Зная, какое веселое, ласковое детство было у этого избалованного, доброго, изобретательно-шаловливого мальчугана, удивительно звучит следующий рассказ.

Евфросинья Варфоломеевна, Бусинька, умерла, когда любимому внуку было шесть лет. Внук заболел дифтеритом, бабушка, ухаживавшая за ним, схватила тот же дифтерит. Внук выздоровел, бабушка умерла.

Выздоравливающий ребенок не видел ни ее смерти, ни похорон. Не знали, как ему об этом сказать.

Александра Филипповна, старшая дочь Добровых, взяла на себя трудное дело. Она стала рассказывать ребенку, что Бусинька в больнице, выздоравливает, но соскучилась по своей дочке, его маме. Для того, чтобы с ней увидаться, надо умереть, но Бусинька беспокоится, как Даня к этому отнесется.

Постепенно старания Александры Филипповны привели к тому, что мальчик написал бабушке письмо, в котором отпустил ее к дочери, в рай.

Но тоска по бабушке, желание увидать незнакомую мать и сложившееся в детской душе представление о смерти, как дороги в Рай, привели к неожиданному результату. Летом после разлуки с Бусинькой Добровы и Даниил жили на Черной речке, где был дом Леонида Андреева (но не в этом доме), и мальчика поймали на мосту через речку, когда он собрался топиться – не от горя, а от страстного желания увидеть потерянных близких.

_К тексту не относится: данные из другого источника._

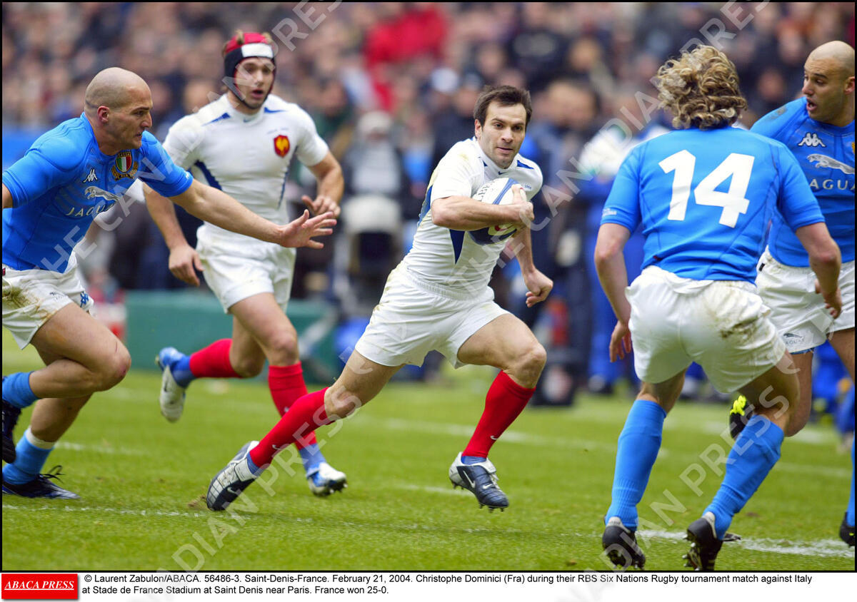 © Laurent Zabulon/ABACA. 56486-3. Saint-Denis-France. February 21, 2004. Christophe Dominici (Fra) during their RBS Six Nations Rugby tournament match against Italy at Stade de France Stadium at Saint Denis near Paris. France won 25-0.

Детство сменилось отрочеством, которое совпало с революцией и разрухой. Жизнь стала трудной и голодной, каждая семья искала способы выжить. Ф.А.Добров составил какие-то необыкновенные дрожжи, очень полезные и пользовавшиеся большим спросом; они так и назывались: дрожжи доктора Доброва. По-видимому, их надо было пить, и непонятно, почему никто в семье, включая самого изобретателя, не сохранил рецепта...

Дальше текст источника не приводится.